(RECORDED DATA):
───

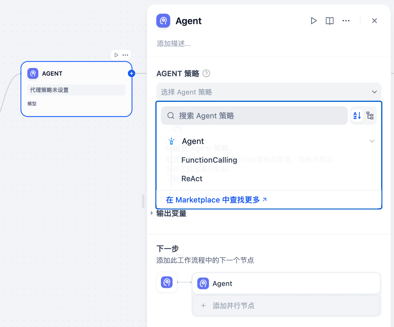 从下拉菜单选择所需的 Agent 推理策略。Dify 内置了 Function Calling 和 ReAct 两种策略,可在 Marketplace → Agent 策略分类中安装使用。
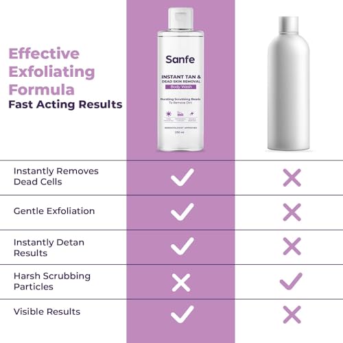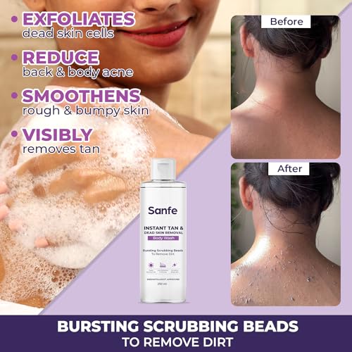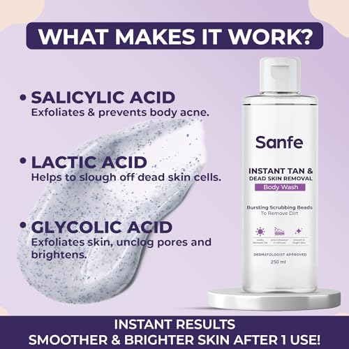 Sanfe Instant Tan & Dead Skin Removal Exfoliating Body Wash | Visibly Removes Tan | AHA Exfoliation in Minutes | Smooth & Bright Skin | 250ml
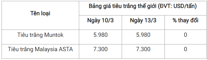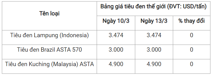 Theo cập nhật từ Hiệp hội Hồ tiêu Quốc tế (IPC) ngày 13/3 (theo giờ địa phương), giá tiêu thế giới so với ngày 10/3 như sau:
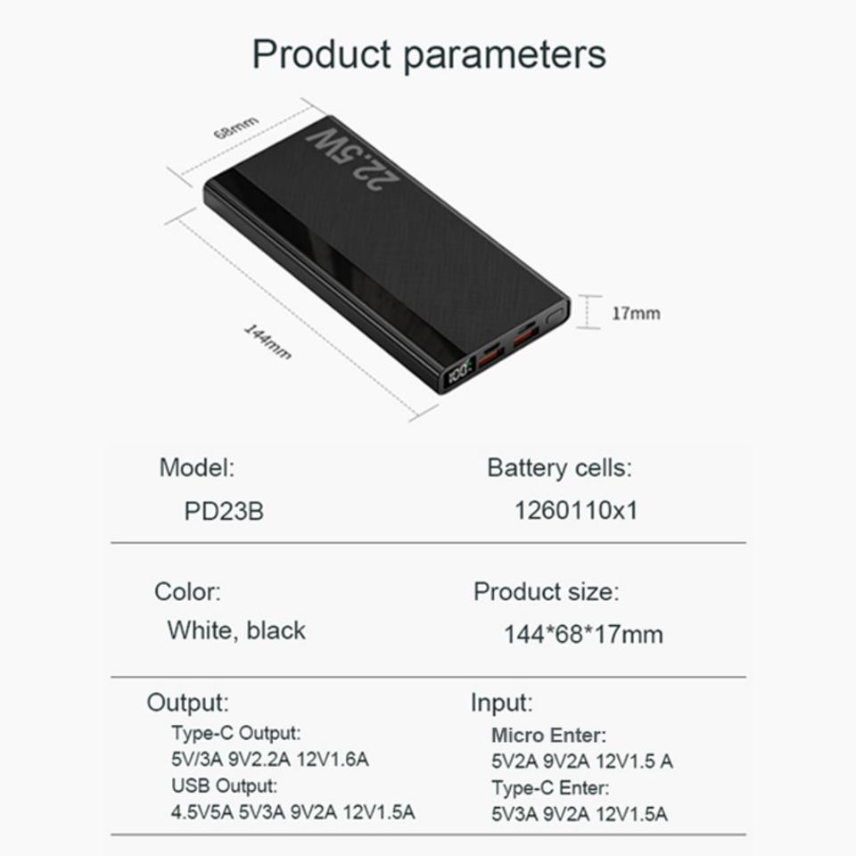 Nom du produit:Banque d'alimentation 10000MAH PD22.5W charge rapide

───

Please write out exactly the lines from the one holding "Sanfe Instant Tan" through the last line of the material above, both included, as a copy without pictures.

 Sanfe Instant Tan & Dead Skin Removal Exfoliating Body Wash | Visibly Removes Tan | AHA Exfoliation in Minutes | Smooth & Bright Skin | 250ml
 Theo cập nhật từ Hiệp hội Hồ tiêu Quốc tế (IPC) ngày 13/3 (theo giờ địa phương), giá tiêu thế giới so với ngày 10/3 như sau:
 Nom du produit:Banque d'alimentation 10000MAH PD22.5W charge rapide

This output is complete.